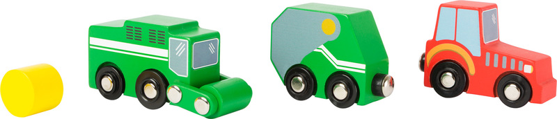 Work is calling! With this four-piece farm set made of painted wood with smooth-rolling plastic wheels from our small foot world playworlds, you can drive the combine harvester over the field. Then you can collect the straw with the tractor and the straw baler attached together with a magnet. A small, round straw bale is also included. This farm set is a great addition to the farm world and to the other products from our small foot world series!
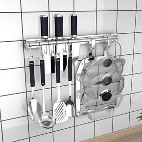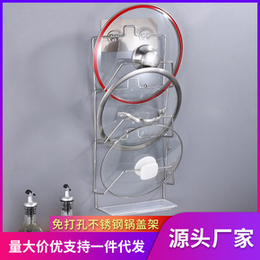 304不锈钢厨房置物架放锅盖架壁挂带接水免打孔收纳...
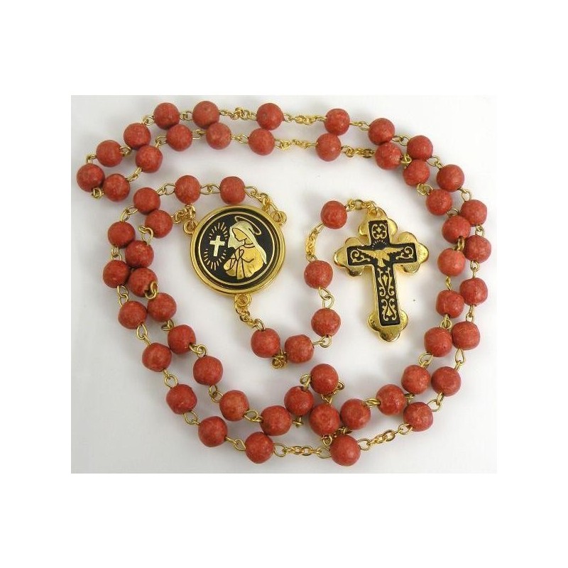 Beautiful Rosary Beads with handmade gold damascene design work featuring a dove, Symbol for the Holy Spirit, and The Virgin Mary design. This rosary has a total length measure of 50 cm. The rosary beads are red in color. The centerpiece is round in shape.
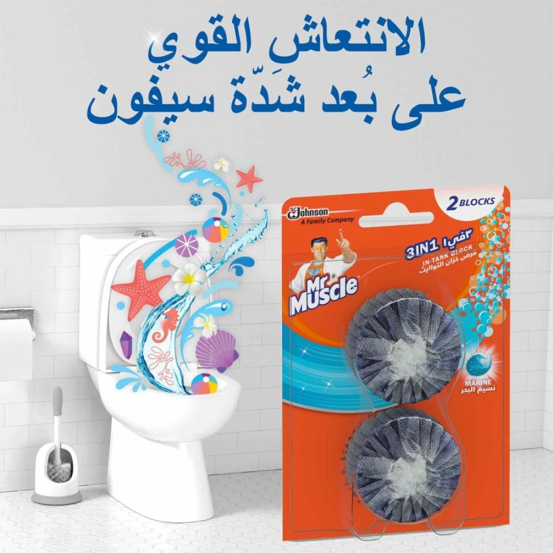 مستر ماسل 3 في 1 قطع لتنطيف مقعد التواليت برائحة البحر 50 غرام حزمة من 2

PROBLEM TO SOLVE
The pictures in the data should be omitted, and every remaining line set down exactly.

SOLUTION TO THIS TASK
 Work is calling! With this four-piece farm set made of painted wood with smooth-rolling plastic wheels from our small foot world playworlds, you can drive the combine harvester over the field. Then you can collect the straw with the tractor and the straw baler attached together with a magnet. A small, round straw bale is also included. This farm set is a great addition to the farm world and to the other products from our small foot world series!
 304不锈钢厨房置物架放锅盖架壁挂带接水免打孔收纳...
 Beautiful Rosary Beads with handmade gold damascene design work featuring a dove, Symbol for the Holy Spirit, and The Virgin Mary design. This rosary has a total length measure of 50 cm. The rosary beads are red in color. The centerpiece is round in shape.
 مستر ماسل 3 في 1 قطع لتنطيف مقعد التواليت برائحة البحر 50 غرام حزمة من 2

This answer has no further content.